Marshall McLuhan had all the press: he coined the smart phrases – ‘the medium is the message’, ‘global village’, and so on – that have continued to reverberate in the popular imagination, thirty years after. As McLuhan acknowledged, however, his own work, from The Mechanical Bride (1951) to Understanding Media (1964), by way of The Gutenberg Galaxy (1962), rested on the thinking of another Canadian (who was McLuhan's Dean at the University of Toronto at one point), Harold Adams Innis.

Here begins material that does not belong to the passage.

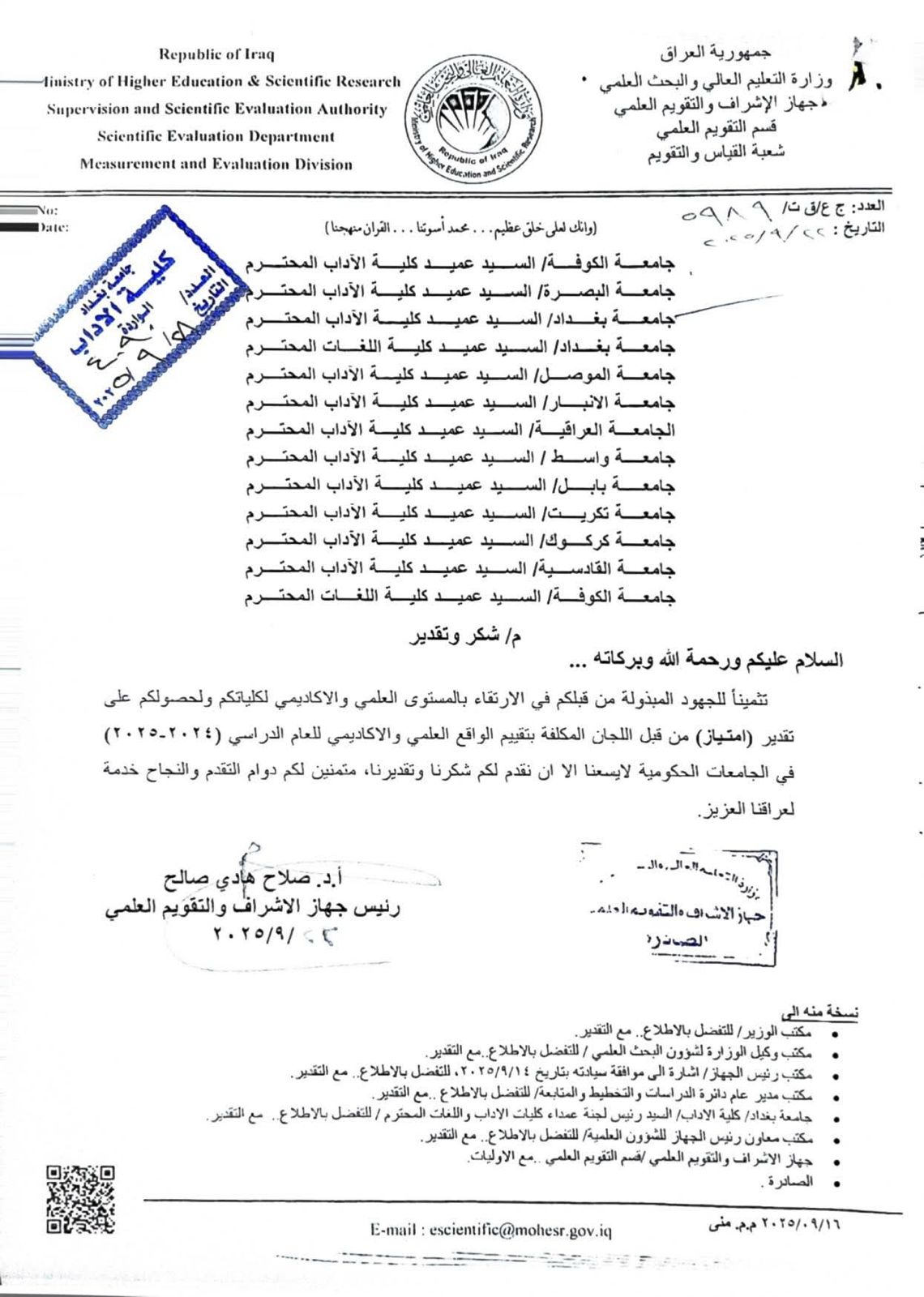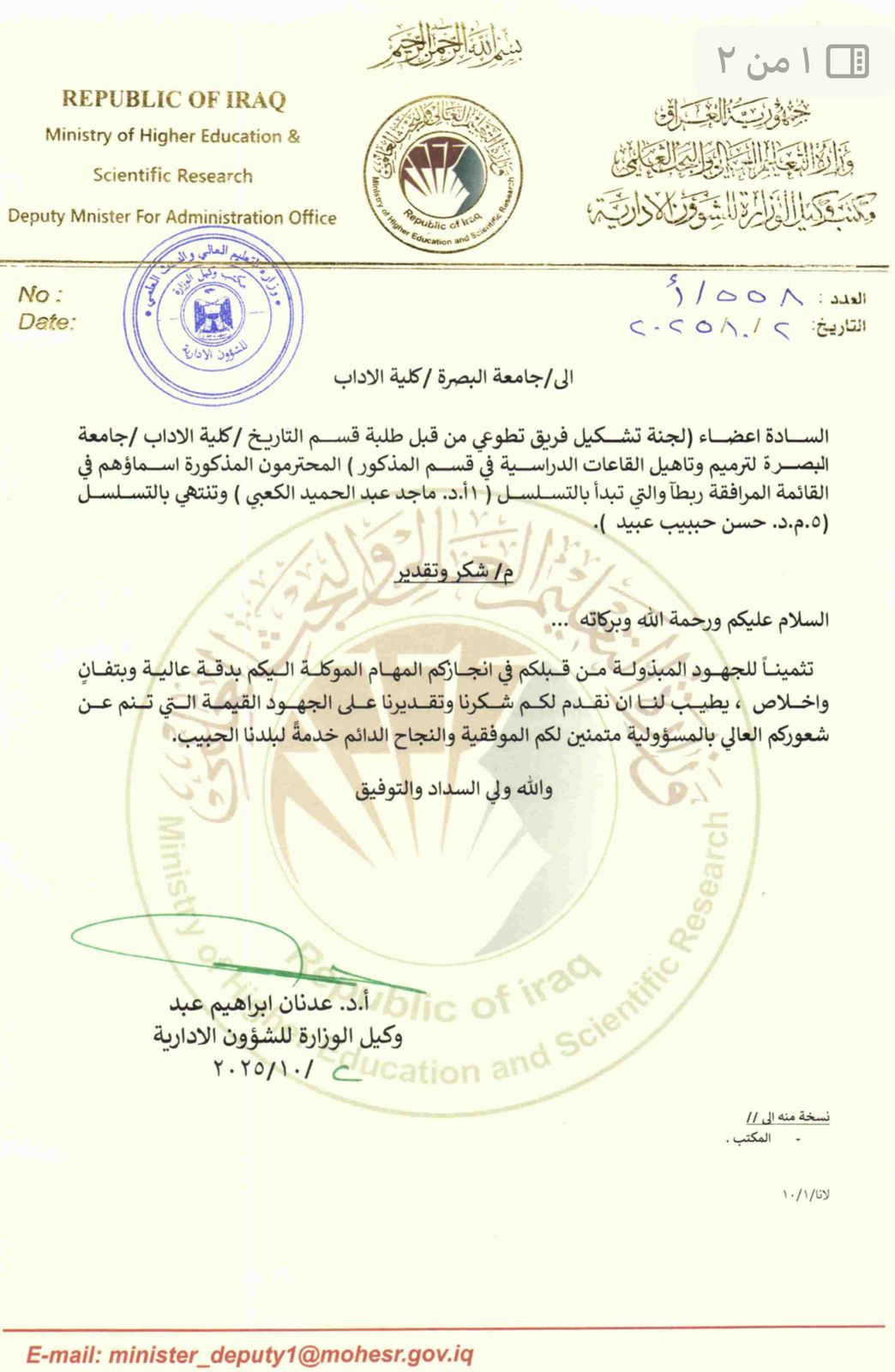 منح السيد الأستاذ الدكتور عدنان إبراهيم عبد، وكيل وزير التعليم العالي والبحث العلمي للشؤون الإدارية، كتاب شكر وتقدير إلى السيد عميد كلية الآداب الأستاذ الدكتور ماجد عبد الحميد الكعبي والسيد معاون العميد للشؤون العلمية والدراسات العليا الأستاذ الدكتور حيدر عبد الرضا التميمي، والسادة أعضاء لجنة الفريق التطوعي والسادة (رئيس قسم التاريخ ا م د علاء حسن ومقرريه الدكتور حسن حبيب والدكتور محمد علي و طلبة قسم التاريخ). وذلك تثميناً لجهودهم المبذولة في ترميم وتأهيل القاعات الدراسية في القسم.

Born in 1894, Innis is remembered chiefly as a political economist and, in Canada, as an early exponent of anti-imperialism in cultural affairs – in the Cold War period, inveighing against what he called ‘the jackals of communication systems’, for example, out ‘to destroy every vestige of [Canadian] sentiment toward Great Britain, holding it of no advantage if it threatens the omnipotence of American commercialism’. Innis turned to the history of communication and communications theory only in the last decade of his life, when, in the late 1940s, he began working with the hypothesis that McLuhan was to do so well out of in the 1960s, that the nature of the media of communication in use influences the nature of the information to be conveyed, thereby determining institutional structures and the course of historical change:

We can perhaps assume that the use of a medium of communication over a long period will to some extent determine the character of knowledge to be communicated and suggest that its pervasive influence will eventually create a civilization in which life and flexibility will become exceedingly difficult to maintain and that the advantages of a new medium will become such as to lead to the emergence of a new civilization.

‘Monopolies of knowledge’, created and fostered by dependence on particular media, grown inflexible and unresponsive, invite subversion: altern- ative media, alternative knowledge, and eventually new social order.

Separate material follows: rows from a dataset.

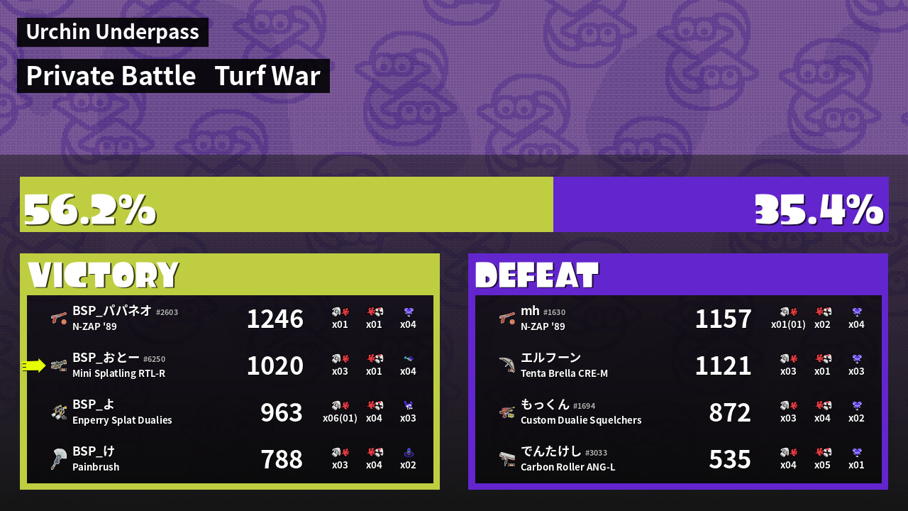 | Mode | Turf War - Private Battle | ||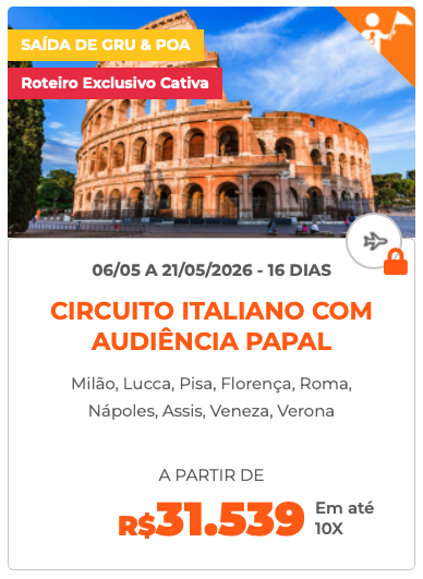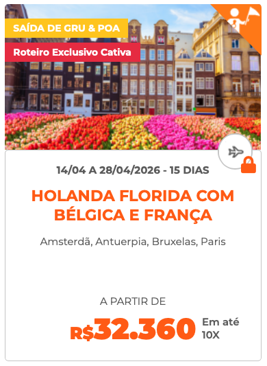 | Grande Tour da França Setembro de 2026 | Circuito Italiano com audiência Papal Maio de 2026 | Holanda Florida Abril de 2026 |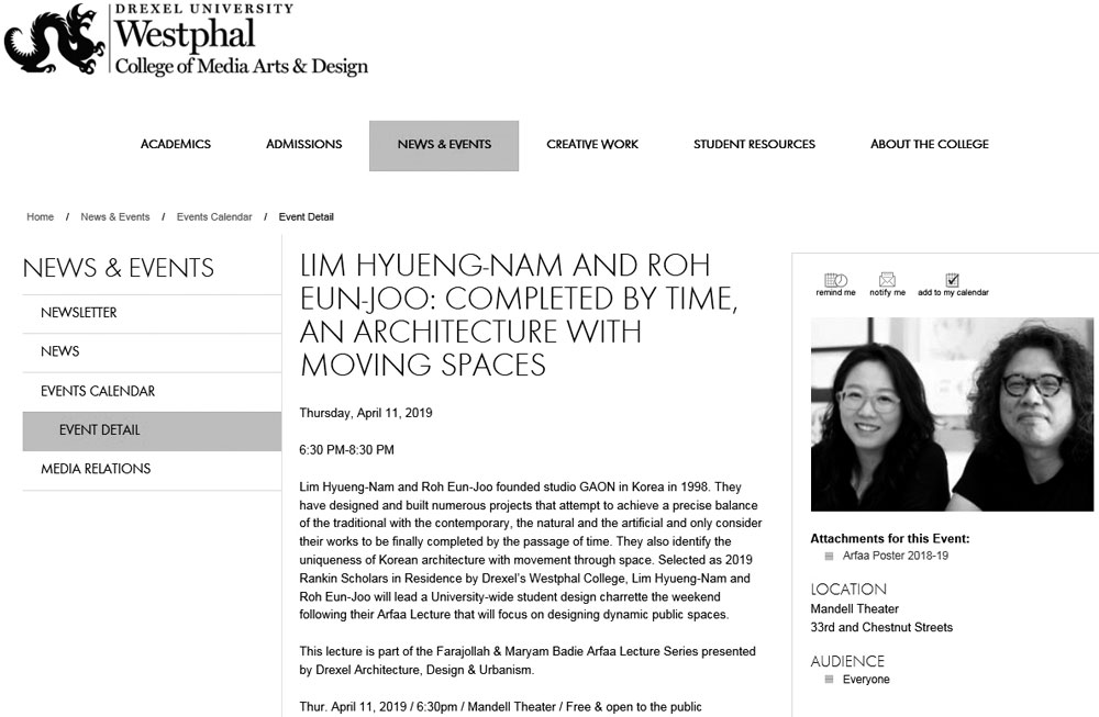 임형남, 노은주 본지 편집위원(건축사사무소 가 온건축)이 4월 11일 18시 30분 미국 드렉셀대 (Drexel University)에서 대학 전체 학생, 일반 인을 대상으로 건축사사무소 가온건축 작품을 주제로 한 초청강연회를 연다. 또 4월 12일부터 15일까지는 공공공간 설계 스튜디오 특별수업 을 학생·교수들과 함께 진행한다.
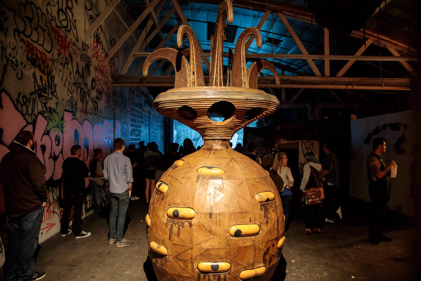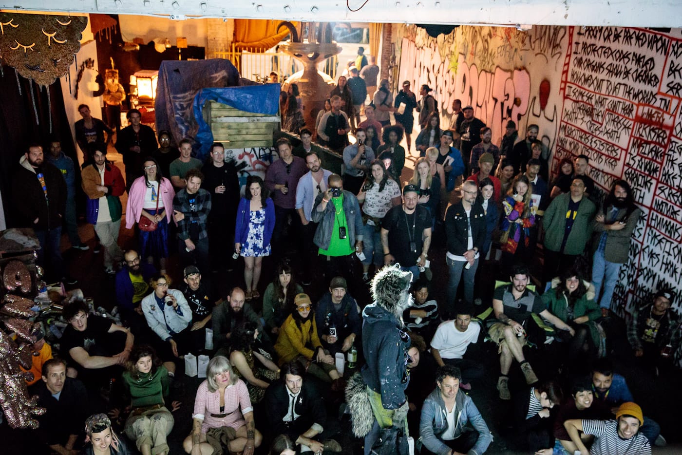 If, on a recent Saturday night, you happened to find yourself walking down a desolate street at the edge of L.A.’s Skid Row, you might have passed an open warehouse roll gate in a building displaying a Swoon mural on the exterior. Inside that warehouse, you would have immediately encountered a giant multi-eyed upside-down alien next to a wolf serving fresh popcorn. A film was screening deep inside the space, and if you made your way past the small shack with a roof made of compressed spray cans — and didn’t trip over another pile of empty paint cans with a small metal chimney spewing glittery cloud letters — you would have joined a room full of people watching Wastedland 2, the most recent work by punk filmmaker Andrew H. Shirley.

Monopolies of knowledge had developed and declined partly in relation to the medium of communication on which they were built and tended to alternate as they emphasized religion, decentralization, and time, and force, centralization, and space…. Concentration on a medium of communication implies a bias in the cultural development of the civilization concerned either towards an emphasis on space and political organization or towards an emphasis on time and religious organization.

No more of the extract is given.